## Classification of text articles

Links
* [Reuters newswire dataset](https://keras.io/datasets/)
* [Reuters text classification](https://www.bonaccorso.eu/2016/08/02/reuters-21578-text-classification-with-gensim-and-keras/)
* [Keras Reuters MLP example](https://github.com/keras-team/keras/blob/master/examples/reuters_mlp.py)

In [147]:
from keras.datasets import reuters
import numpy as np
from keras.preprocessing.text import Tokenizer
import keras
from keras.models import Sequential
from keras.layers import Dense
from keras.layers import Activation
from keras.layers import Dropout

from keras import backend as K

The Reuters dataset is made up of 11,228 newswires from Reuters, labeled over 46 topics. The word index used to encode the sequences is stored in the reuters_word_index.json file.

In [148]:
word_index = reuters.get_word_index(path="reuters_word_index.json")
print('There are', len(word_index), 'words used to encode.')

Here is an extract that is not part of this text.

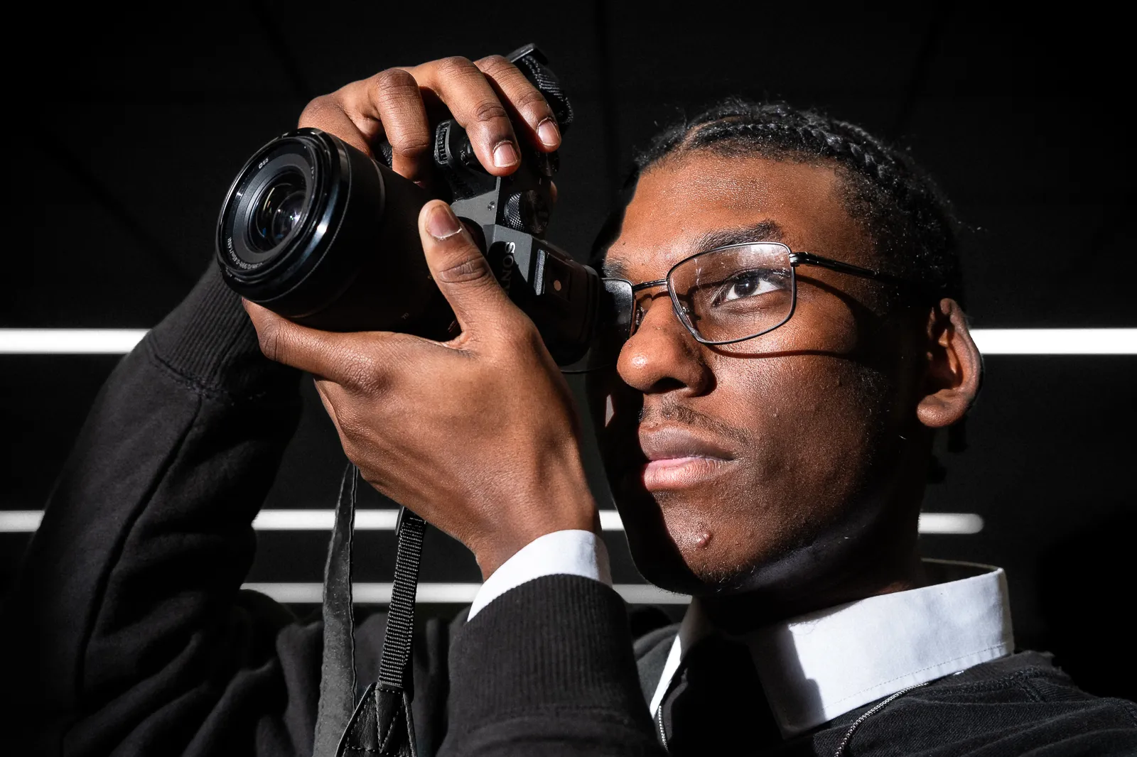 A young student with aspirations of becoming a personal trainer works out during a branding photoshoot.

There are 30979 words used to encode.


In [149]:
max_words = 1000
batch_size = 32
epochs = 5 

In [150]:
print('Loading Reuters data...')
(x_train, y_train), (x_test, y_test) = reuters.load_data(
    num_words=max_words, test_split=0.2)
print(len(x_train), 'train sequences')
print(len(x_test), 'test sequences')

num_classes = np.max(y_train) + 1
print(num_classes, 'classes')

Loading Reuters data...
8982 train sequences
2246 test sequences
46 classes


In [151]:
print('Vectorizing sequence data...')
tokenizer = Tokenizer(num_words=max_words)
x_train = tokenizer.sequences_to_matrix(x_train, mode='binary')
x_test = tokenizer.sequences_to_matrix(x_test, mode='binary')
print('x_train shape:', x_train.shape)
print('x_test shape:', x_test.shape)

Vectorizing sequence data...
x_train shape: (8982, 1000)
x_test shape: (2246, 1000)


In [152]:
print('Convert class vector to binary class matrix '
      '(for use with categorical_crossentropy)')
y_train = keras.utils.to_categorical(y_train, num_classes)
y_test = keras.utils.to_categorical(y_test, num_classes)
print('y_train shape:', y_train.shape)
print('y_test shape:', y_test.shape)

Convert class vector to binary class matrix (for use with categorical_crossentropy)
y_train shape: (8982, 46)
y_test shape: (2246, 46)


In [153]:
print('Building model...')
K.clear_session()
model = Sequential()
model.add(Dense(512, input_shape=(max_words,)))
model.add(Activation('relu'))
model.add(Dropout(0.5))
model.add(Dense(num_classes))
model.add(Activation('softmax'))

model.compile(loss='categorical_crossentropy',
              optimizer='adam',
              metrics=['accuracy'])

model.summary()

Building model...
_________________________________________________________________
Layer (type)                 Output Shape              Param #   
dense_1 (Dense)              (None, 512)               512512    
_________________________________________________________________
activation_1 (Activation)    (None, 512)               0         
_________________________________________________________________
dropout_1 (Dropout)          (None, 512)               0         
_________________________________________________________________
dense_2 (Dense)              (None, 46)                23598     
_________________________________________________________________
activation_2 (Activation)    (None, 46)                0         
Total params: 536,110
Trainable params: 536,110
Non-trainable params: 0
_________________________________________________________________


In [154]:
history = model.fit(x_train, y_train,
                    batch_size=batch_size,
                    epochs=epochs,
                    verbose=1,
                    validation_split=0.1)
score = model.evaluate(x_test, y_test,
                       batch_size=batch_size, verbose=1)
print('Test loss:', score[0])
print('Test accuracy:', score[1])

Train on 8083 samples, validate on 899 samples
Epoch 1/5
Epoch 2/5
Epoch 3/5
Epoch 4/5
Epoch 5/5
Test loss: 0.89095894248
Test accuracy: 0.791629563669